Drie gefuseerde omroepen, drie stand alone’s en twee taakomroepen. Zo zou de publieke omroep in de toekomst georganiseerd moeten zijn. De Raad van Bestuur van de Nederlandse Publieke Omroep (NPO) heeft een voorstel voor de nadere invulling van dit 3-3-2-model aan de afzonderlijke omroepen voorgelegd.

Volgens de Raad van Bestuur kan de Nederlandse kijker/luisteraar met dit model het beste worden bediend. Het model gaat uit van drie fusies: de KRO gaat samen met de NCRV, de TROS met de AVRO en de VARA met BNN. EO, Omroep MAX en VPRO blijven op zichzelf en NOS en NTR vervullen zelfstandig hun wettelijke taak.

Voor de aspirant omroepen WNL en Powned bepaalde de minister al dat zij – zodra definitief toegelaten tot het bestel – aansluiting kunnen zoeken bij één van de omroepen die een erkenning heeft verkregen. De zogenoemde 2.42-omroepen zullen ten slotte aangeven bij welke omroep zij zich willen aansluiten. Resultaat is uiteindelijk een bestel dat acht in plaats van de huidige 21 omroepen telt.

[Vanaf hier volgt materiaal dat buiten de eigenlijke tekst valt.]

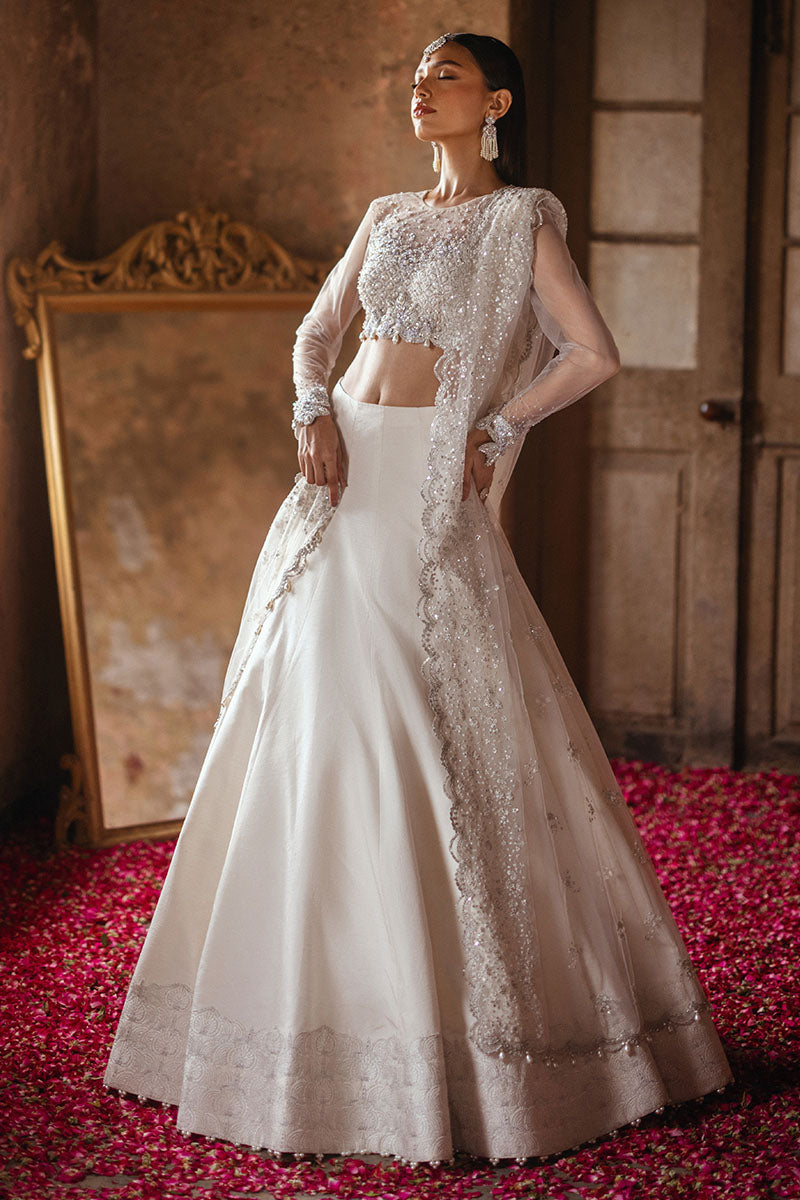 Introducing an exquisite ensemble that seamlessly blends traditional elegance with contemporary flair. This stunning outfit features a dupatta crafted from three yards of embroidered, blingy net fabric, adorned with intricate beadwork and sequins. The dupatta is paired with a heavily embellished net blouse, showcasing a masterful fusion of seroscies, pearls, and sequins, meticulously woven using advanced handwork techniques. Completing this opulent look is a Korean silk lehenga, known for its graceful flow and adorned with rich, ornate borders, adding a touch of regal sophistication. This ensemble captures a perfect harmony of classic charm and modern design.
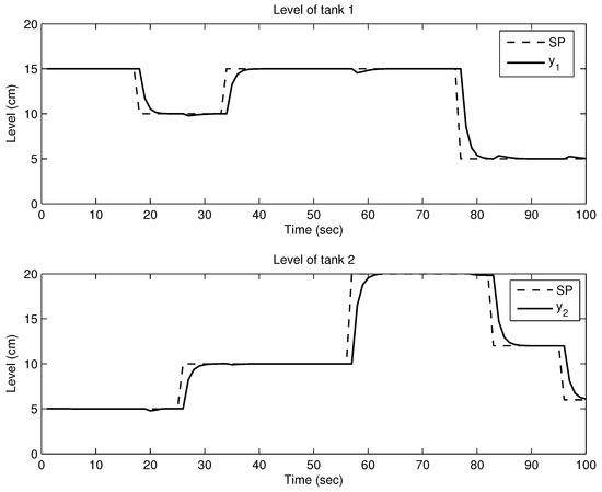The first part of the experiment consists of adjusting the flow valves so that the system behavior is its minimum phase. In this case, the value of has been changed from 0.7 to 0.6, in online mode (30 s). Based on this change, it is necessary to update the model parameters with the adaptive mechanism and to adjust the MIMO-APC settings. Figure 7 and Figure 8 show the performance of the MIMO-APC for the system operating in both minimum and non-minimum phases. Figure 7 shows that the level controllers closely follow the set points with the exception of a 13% overshoot in the tank A2 response, while Figure 8 illustrates very close set-point tracking throughout the experiment.

Het voorstel dat de Raad van Bestuur nu heeft voorgelegd is tot stand gekomen na uitgebreide gesprekken met de betrokken omroepen en past binnen de eisen die minister Van Bijsterveldt onlangs aan het nieuwe bestel stelde. Voorzitter van de Raad van Bestuur Henk Hagoort: “Het belang van de kijker en luisteraar staat voor ons voorop. Met dit model wordt ‘Hilversum’ eenvoudiger georganiseerd, zodat er meer geld en tijd kan worden besteed aan waar het om gaat: goede programma’s maken voor een breed publiek.”

In het model is een balans gevonden tussen de drie grote, gefuseerde omroepen en de drie die zelfstandig blijven. Ook zijn de (financiële) verhoudingen binnen de groep gefuseerde omroepen en de groep zelfstandige omroepen nader vormgegeven. De drie gefuseerde omroepen richten zich met hun programma’s op alle leeftijden en leefstijlen, vanuit een per omroep samenhangende missie. Voor die brede programmering hebben zij ook substantieel meer budget en uren beschikbaar dan de drie omroepen die een specifieke bijdrage leveren aan het bestel.

Het voorstel gaat er van uit dat de omroepen afspreken terughoudend te zijn in hun ledenwerving; wordt er te veel geld in ledenjacht gestoken, dan is er minder beschikbaar voor het maken van programma’s. Daarom zouden omroepen een plafond voor dergelijke uitgaven moeten overeenkomen. Hagoort: “Het is duidelijk dat deze hervorming van het bestel veel vraagt van de omroepen. Zij zullen dit model nu voorleggen aan hun Raden van Toezicht en ledenvergaderingen. Maar ik hoop dat iedereen beseft dat vrijwillige fusies zorgen voor een duurzaam bestel, dat het hele Nederlandse publiek het beste bedient.”

Als alle partijen definitief akkoord gaan, krijgt de minister deze maand een door allen gedragen voorstel. Het is vervolgens de bedoeling de erkenningsaanvragen in 2014 in te dienen, zodat het nieuwe model vanaf 2016 – de nieuwe erkenningsperiode start dat jaar– kan worden ingevoerd.